Many applications have need for a long service life — for example those deployed within industrial, scientific and military industries. In these applications, the service life may exceed that of component availability. Replacing an advanced, obsolete components in a design can be very costly, potentially requiring an entire redesign of the electronic hardware and software. The use of programmable devices helps designers not only to address component obsolescence, but also to reduce the cost and complexity of the solution. Programmable logic devices are provided in a range of devices of different types, capabilities and sizes, from FPGAs to System on Chips (SoC) and Complex Programmable Logic Devices (CPLD). The obsolete function can be emulated within the device, whether it is a logic function implemented in programmable logic in a CPLD, FPGA or SoC, or a processor system implemented in an FPGA or SoC.

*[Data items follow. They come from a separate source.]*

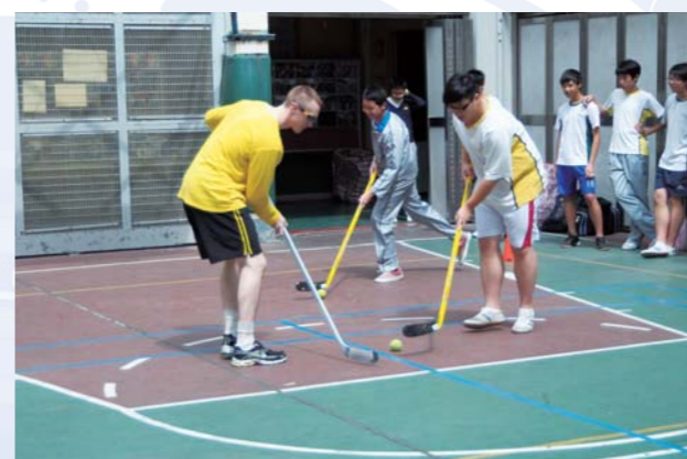
外籍教練到校推介冰上曲棍球

自去年香港冰球訓練學校到本校推廣「冰上曲棍球」後，校園內掀起一股冰曲熱潮。開始時候，部份參加同學只懂溜冰，更有部份同學連溜冰也不懂，但經過一段艱辛的訓練後，他們已對這活動產生濃厚興趣，更將組成惠僑校隊，參與學界比賽，期望這支新校隊能茁壯成長，長足發展。
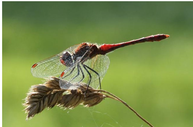
Eine Heidelibelle schützt sich mit den Flügeln vor der intensiven Sonneneinstrahlung

Der Vortrag gibt einen Einblick in die Gestaltung und Formenvielfalt der Insekten. Der Schwerpunkt der Beispiele liegt dabei im heimatlichen Bereich in der Umgebung von Minden: im eignen Garten in Stemmer, in der Biologischen Station im Heisterholz, im Hiller Moor. Einige „Ausländer“ bereichern zudem die Auswahl. Berührt werden dabei Themen wie Ernährung und Fortpflanzung, auch evolutionäre Aspekte kommen zur Sprache.
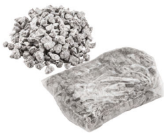
Spezialgranulat 1,50 kg Art.-Nr. 21824
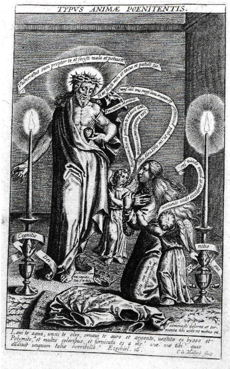
Afbeelding 4a en 4b.

Het heilig huwelijk van het Woord en de ziel en Het Beeld van de boetvaardige ziel. Gravures op papier. Museum Catharijneconvent Utrecht BMH h82 t.o. 139r en 113r.
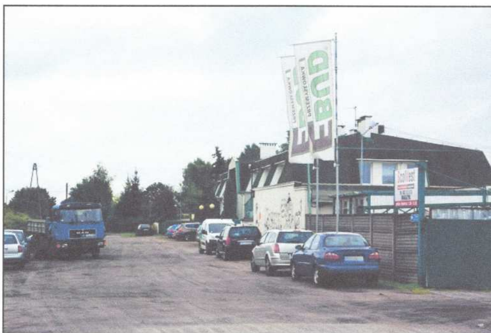
Fot. Ulica Biskupińska na Prądach, jedna z firm mająca swoją siedzibę przy ulicy gruntowej
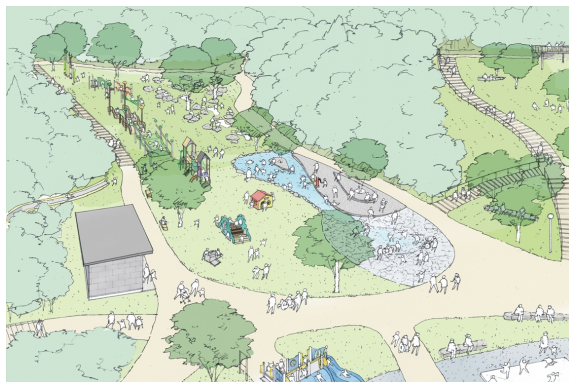
じゃぶじゃぶ池・山登りの路エリア
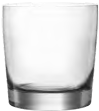
Lowball tumbler / Lowball Becher / Gobelet Lowball / Vaso Lowball / Bicchiere Lowball

La linea Rims è semplice a prima vista e complessa a uno sguardo più attento. Capace di esprimere tutto il suo potenziale solo una volta riempita e pronta per essere servita, questa linea di pregiati bicchieri da bar in cristallo lascia libero spazio alla creatività, senza interferenze, mettendo al centro della scena il locale e il concetto che esso rappresenta.
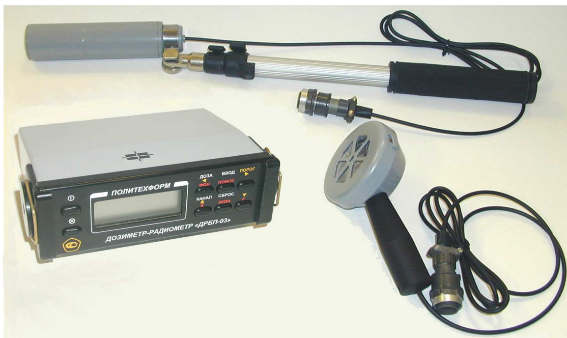
Рисунок 1 - Внешний вид дозиметра с блоками детектирования и штангой

Дозиметр комплектуется удлинительной штангой и блоком зарядки аккумулятора. Внешний вид дозиметра и места пломбировки приведены на рисунках 1 и 2.
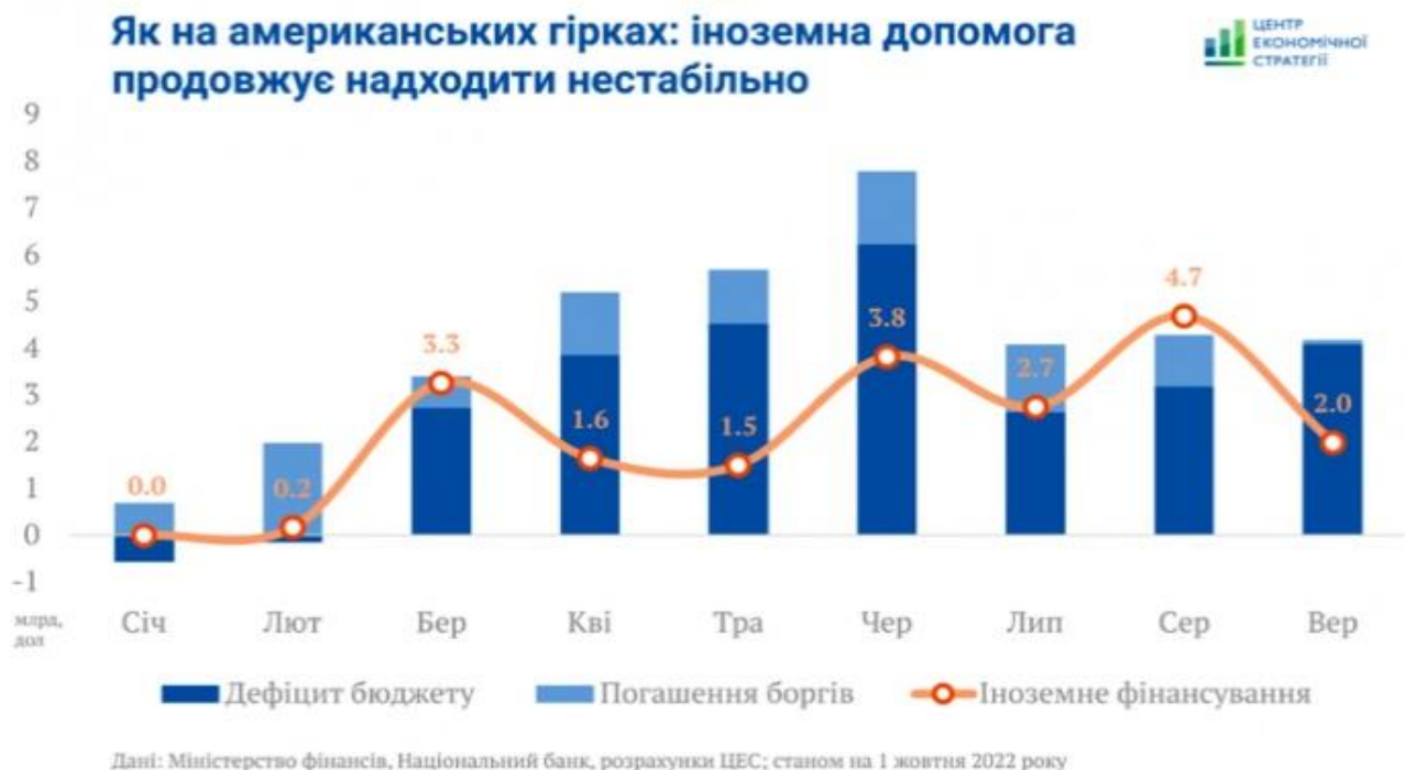
Рис. 3. Динаміка дефіциту бюджету, погашення боргів та іноземного фінансування в Україну січні-вересні 2022 року [2]

Водночас «надходження іноземної допомоги у вересні впали більш, ніж удвічі, порівняно з 4,7 млрд дол. у серпні» [2] (рис. 3).

Become familiar with USB type C connector. USB type C connector is becoming quickly more commonplace than any other earlier interface. In the end of 2016 there were 300 million devices using a USBC connection – a big part was smartphones, but the interface was also widespread on laptops. With growth, the USBC becomes soon the most common PC and peripheral interface. Thunderbolt™ 3 on USBC connector promises to fulfill the promise of USB-C for single-cable docking and so much more.
Power electronics
The power electronics market continues to grow and gain more presence across a variety of markets. 2017 was a good year for electric vehicles and the future of this market looks very promising. In 2017, we saw also how wireless charging technology has been adopted by many consumer electronic devices- including Apple smart phones. Today’s power supplies do more than deliver clean and stable dc power on daily basis—they provide advanced capabilities that can save you time and money.
Wide-bandgap semiconductor materials like gallium nitride (GaN) and silicon carbide (SiC) are anticipated to be used in many more applications in 2018. At the moment, the number of applications for those materials is steadily increasing in the automotive and military industry. Expect to see more adoption of SiC and GaN materials in automotive market.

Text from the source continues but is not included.